## Exercise input
# # # #
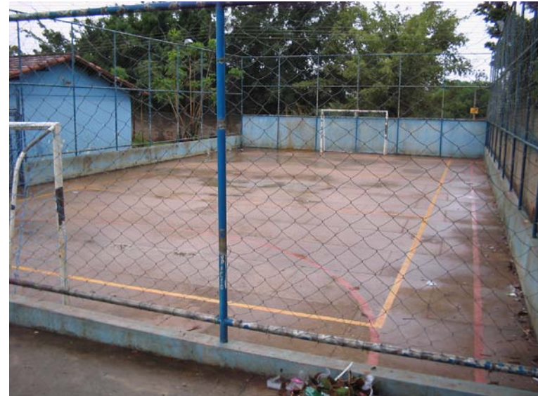
Figura quatro: Quadra de esportes

A biblioteca é a maior sala da escola. Apesar de clara e ventilada, também é precária, consistindo-se de um espaço ocupado por um amontoado de mesas e cadeiras de estrutura desigual e algumas prateleiras rústicas. Parecem ser equipamentos retirados das sucatas existentes na escola, ou que sobraram das salas de aula.
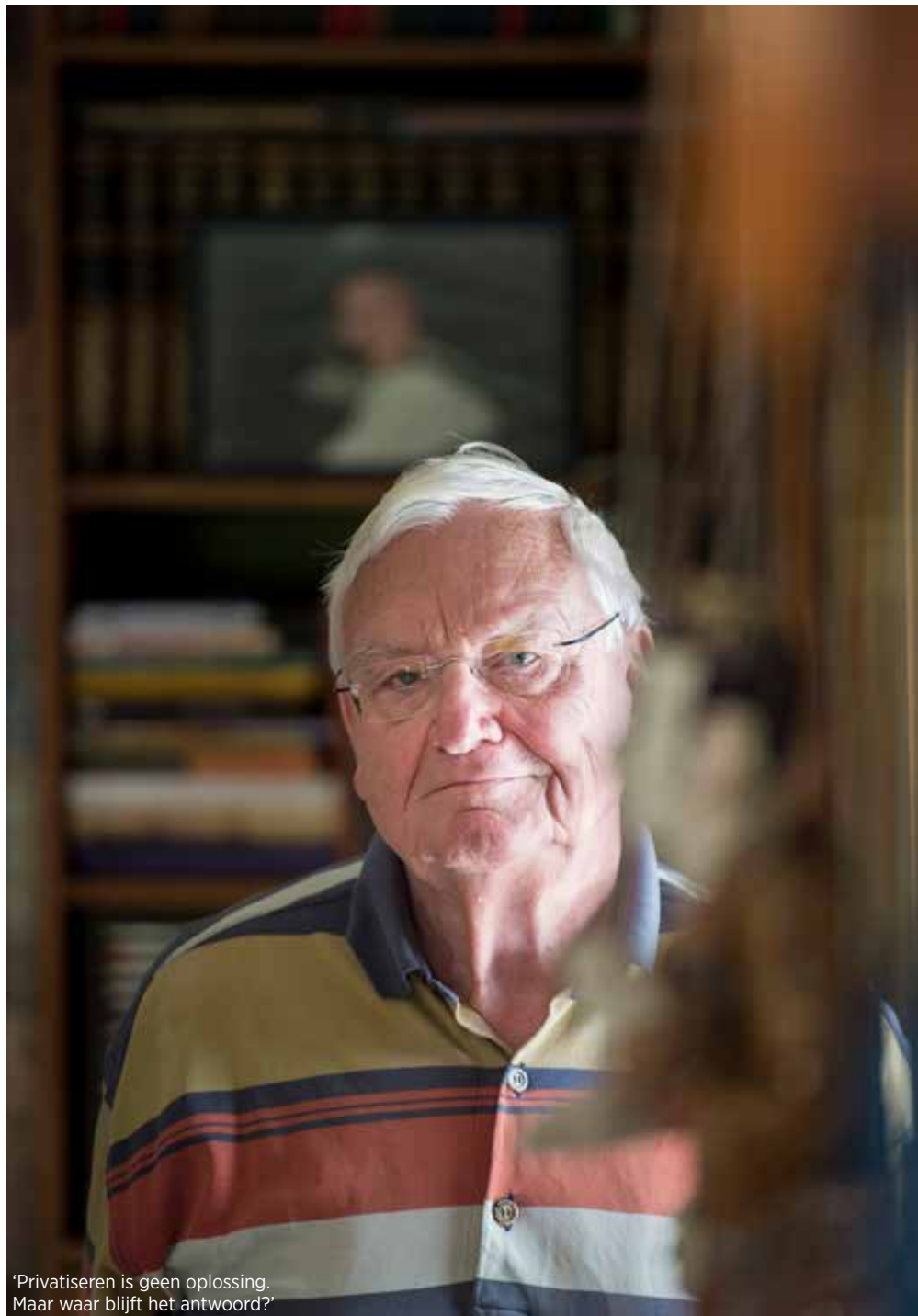
'Privatiseren is geen oplossing. Maar waar blijft het antwoord?'
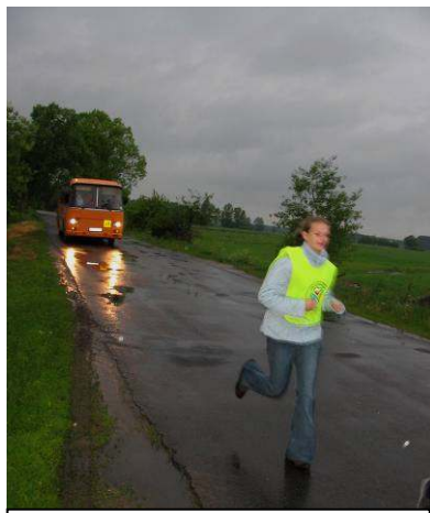
I etap : Dobratycze-Terespol

W dniu 31 maja 2006r do gminy Terespol przybyła ogólnopolska sztafeta Kwietny Bieg. Przedsięwzięcie to upamiętnia Pierwszą Pielgrzymkę Jana Pawła II do Polski, jest hołdem i wyrazem szacunku dla dzieła Naszego Wielkiego Rodaka , Jego wkładu na rzecz wzmacniania wspólnoty Polaków i pracy nad odzyskaniem Niepodległości.
# # # #
## Work item
Say again, exactly, only those lines of the records that run from the start through the line with "I etap : Dobratycze-Terespol". Pictures are to be skipped.

## Output of the task
Figura quatro: Quadra de esportes

A biblioteca é a maior sala da escola. Apesar de clara e ventilada, também é precária, consistindo-se de um espaço ocupado por um amontoado de mesas e cadeiras de estrutura desigual e algumas prateleiras rústicas. Parecem ser equipamentos retirados das sucatas existentes na escola, ou que sobraram das salas de aula.
'Privatiseren is geen oplossing. Maar waar blijft het antwoord?'
I etap : Dobratycze-Terespol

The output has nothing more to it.